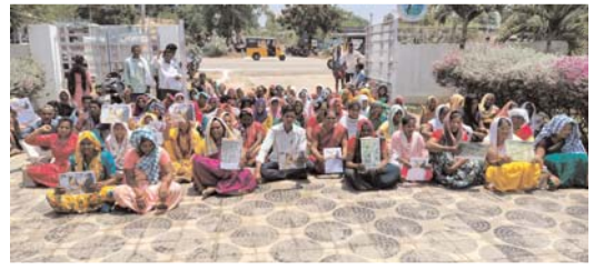
పేమెంట్ కోసం పట్టు విడవని 'పట్టు' కార్మికులు
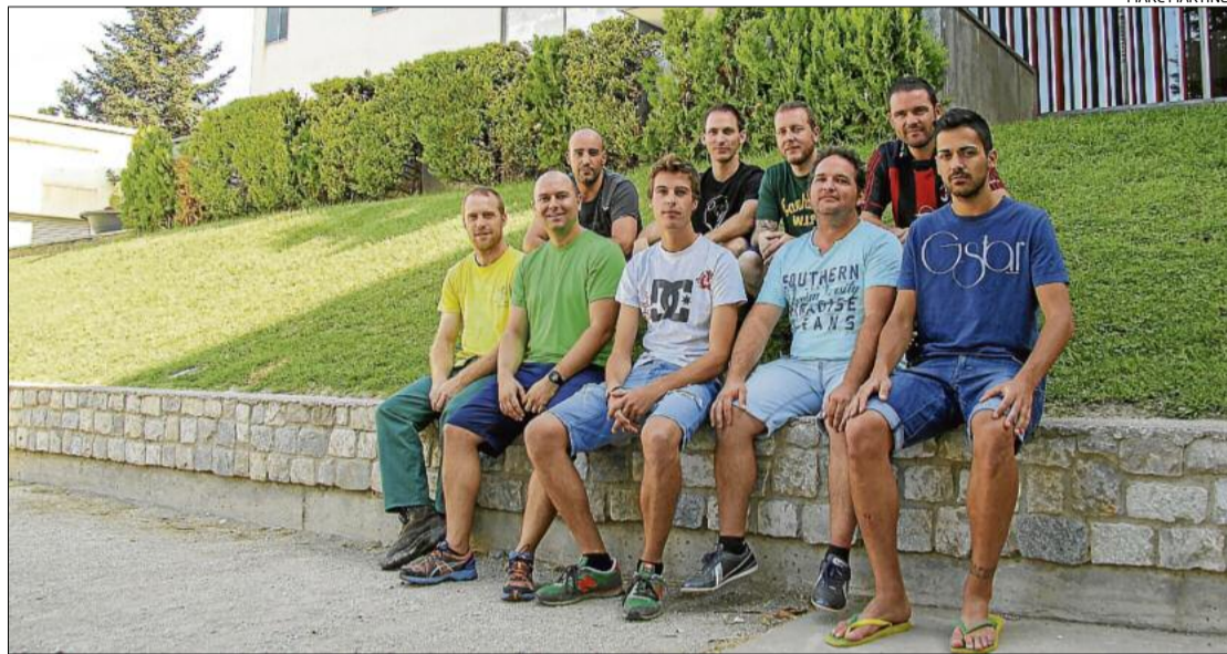
Els membres de la nova entitat a la zona de darrere l'ajuntament, on es faran tots els actes de presentació

Un bon exemple del tarannà que volen transmetre el trobem en el que serà el seu primer acte oficial, que es farà aquest dijous, 10 de setembre, coincidint amb els actes institucionals de la Diada. La intenció dels joves és «enriquir» els actes que ja s'organitzen habitualment (com ara l'ofrena al monument de Rafael Casanovas o la ballada de sardanes) amb noves propostes que es complementin, que tinguin atractiu i que siguin capaces de captar un públic més heterogeni i d'un ventall d'edats més ampli. Així, «volem començar forts», amb un acte visual (la mos-

### What the task asks
Output only the lines from the one that contains "Els membres de" through the last line of the data above, each restated exactly.

### Your solution
Els membres de la nova entitat a la zona de darrere l'ajuntament, on es faran tots els actes de presentació

Un bon exemple del tarannà que volen transmetre el trobem en el que serà el seu primer acte oficial, que es farà aquest dijous, 10 de setembre, coincidint amb els actes institucionals de la Diada. La intenció dels joves és «enriquir» els actes que ja s'organitzen habitualment (com ara l'ofrena al monument de Rafael Casanovas o la ballada de sardanes) amb noves propostes que es complementin, que tinguin atractiu i que siguin capaces de captar un públic més heterogeni i d'un ventall d'edats més ampli. Així, «volem començar forts», amb un acte visual (la mos-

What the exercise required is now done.